Large eddy simulation of CO2 direct air capture units in different atmospheric boundary layer wind profiles

Abstract

Direct air capture of CO₂ (DAC) is one of the promising technologies for removing CO₂ from the atmosphere and combating global warming. This study explores the effect of wind velocity on the atmospheric dispersion of CO₂-depleted air released from the outlet of DAC units. This is an important consideration in determining the optimum design and location of DAC units in a large-scale CO₂ capture plant and ultimately the overall land footprint requirement. We considered a crosswind cooling tower as a single DAC absorption unit.
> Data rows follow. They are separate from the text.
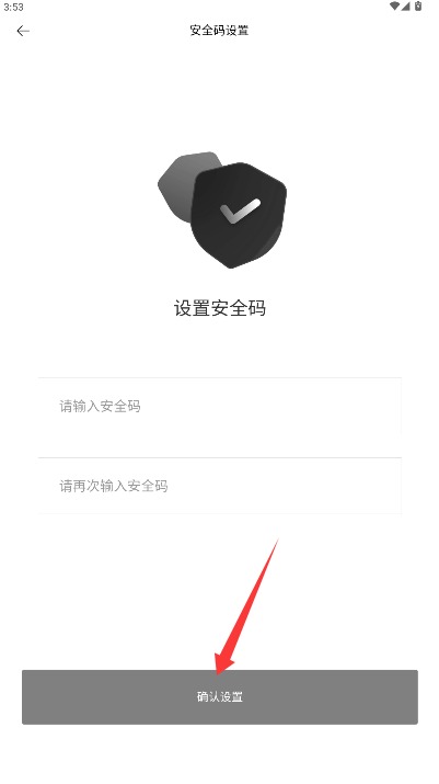 4、根据提示设置安全码并再次确认输入,点击确认后即可完成全部登录流程。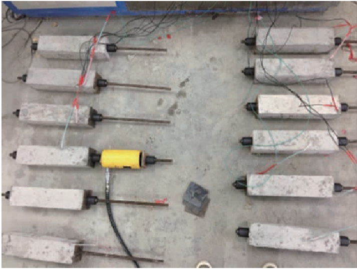 为了监测试件的预应力损失情况,需要将钢绞线上的应变片与应变仪连接,本试验使用XL2118A型应变仪,连接方式为1/4桥.在试件加载之前,需要预先对每组的4号试件进行张拉加载,根据应变仪读数计算这三个试件预应力损失占所加预应力比例的平均值,依据该平均值对参与冻融试验的试件(每组1~3号)超张拉.引入ηo作为超张拉系数,
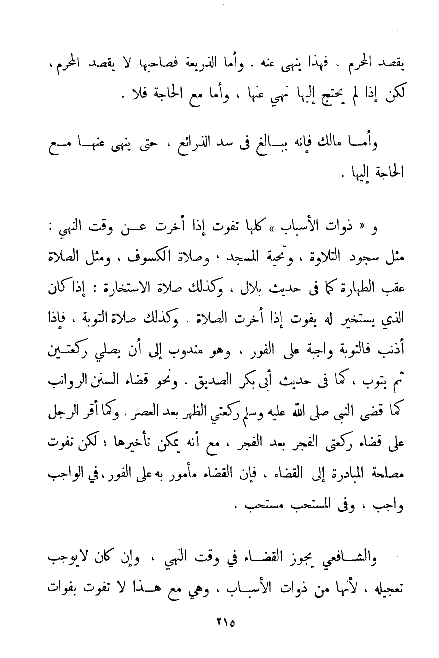 يَقْصِدُ الْمُحْرِمَ فَهَذَا يُنْهَى عَنْهُ. وَأَمَّا الذَّرِيعَةُ فَصَاحِبُهَا لَا يَقْصِدُ الْمُحْرِمَ لَكِنْ إذَا لَمْ يَحْتَجْ إلَيْهَا نُهِيَ عَنْهَا وَأَمَّا مَعَ الْحَاجَةِ فَلَا. وَأَمَّا مَالِكٌ فَإِنَّهُ يُبَالِغُ فِي سَدِّ الذَّرَائِعِ حَتَّى يَنْهَى عَنْهَا مَعَ الْحَاجَةِ إلَيْهَا. وَ " ذَوَاتُ الْأَسْبَابِ " كُلِّهَا تَفُوتُ إذَا أُخِّرَتْ عَنْ وَقْتِ النَّهْيِ: مِثْلَ سُجُودِ التِّلَاوَةِ وَتَحِيَّةِ الْمَسْجِدِ وَصَلَاةِ الْكُسُوفِ وَمِثْلَ الصَّلَاةِ عَقِبَ الطَّهَارَةِ كَمَا فِي حَدِيثِ بِلَالٍ وَكَذَلِكَ صَلَاةُ الِاسْتِخَارَةِ: إذَا كَانَ الَّذِي يَسْتَخِيرُ لَهُ يَفُوتُ إذَا أُخِّرَتْ الصَّلَاةُ. وَكَذَلِكَ صَلَاةُ التَّوْبَةِ فَإِذَا أَذْنَبَ فَالتَّوْبَةُ وَاجِبَةٌ عَلَى الْفَوْرِ وَهُوَ مَنْدُوبٌ إلَى أَنْ يُصَلِّيَ رَكْعَتَيْنِ ثُمَّ يَتُوبَ كَمَا فِي حَدِيثِ أَبِي بَكْرٍ الصِّدِّيقِ. وَنَحْوَ قَضَاءِ السُّنَنِ الرَّوَاتِبِ كَمَا قَضَى النَّبِيُّ صَلَّى اللَّهُ عَلَيْهِ وَسَلَّمَ رَكْعَتَيْ الظُّهْرِ بَعْدَ الْعَصْرِ. وَكَمَا أَقَرَّ الرَّجُلُ عَلَى قَضَاءِ رَكْعَتَيْ الْفَجْرِ بَعْدَ الْفَجْرِ مَعَ أَنَّهُ يُمْكِنُ تَأْخِيرُهَا؛ لَكِنْ تَفُوتُ مَصْلَحَةُ الْمُبَادَرَةِ إلَى الْقَضَاءِ فَإِنَّ الْقَضَاءَ مَأْمُورٌ بِهِ عَلَى الْفَوْرِ فِي الْوَاجِبِ وَاجِبٌ وَفِي الْمُسْتَحَبِّ مُسْتَحَبٌّ. وَالشَّافِعِيُّ يُجَوِّزُ الْقَضَاءَ فِي وَقْتِ النَّهْيِ وَإِنْ كَانَ لَا يُوجِبُ تَعْجِيلَهُ لِأَنَّهَا مِنْ ذَوَاتِ الْأَسْبَابِ وَهِيَ مَعَ هَذَا لَا تَفُوتُ بِفَوَاتِ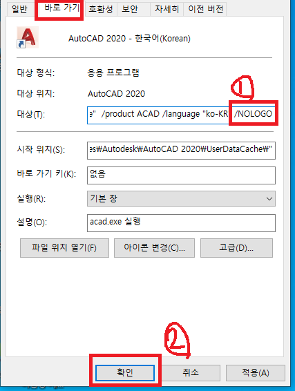 4. 캐드 실행시 로고화면 없이 바로 시작하기
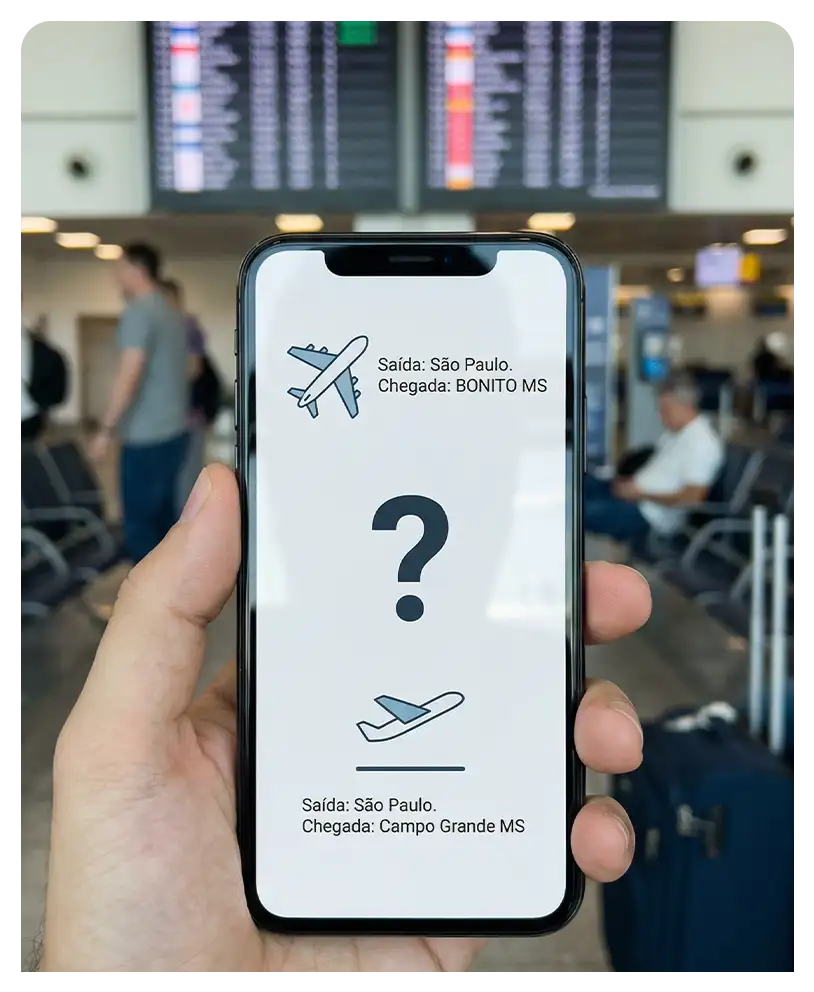 Este é o perrengue nº 1 de quem sai de SP. O Aeroporto de Bonito (BYO) está crescendo (foram 16,37% mais desembarques em 2024), mas organizar o aéreo com os transfers e os passeios ainda é um quebra-cabeça para quem não conhece a região.

Following its validation with field-scale and lab-scale experimental data as well as direct numerical simulation (DNS) data, the large eddy simulation (LES) technique was used to simulate the interaction between the longitudinal atmospheric boundary layer wind and the vertical plume of CO₂-depleted air exiting the DAC unit. The behaviour of the DAC-wind flow regime depends on the velocity ratio of the DAC vertical flow and the longitudinal wind velocity (R_U) which can be divided into three DAC-wind flow regimes: $R_U\gg 1$, $R_U\approx 1$, and $R_U\ll 1$. As the wind velocity increases, the CO₂-depleted air is mixed faster with the free-stream atmospheric flow. Some CO₂-depleted air re-enters the unit through the leeward inlet at moderate and high wind velocities. Using the LES results, practical statistical relationships were developed for CO₂-depleted plume concentration as a function of distance downwind of a DAC unit for different DAC-wind flow regimes. The findings of this study provide insights into the impact of wind on DAC unit performance and the optimal distance required between the units in a large-scale DAC plant.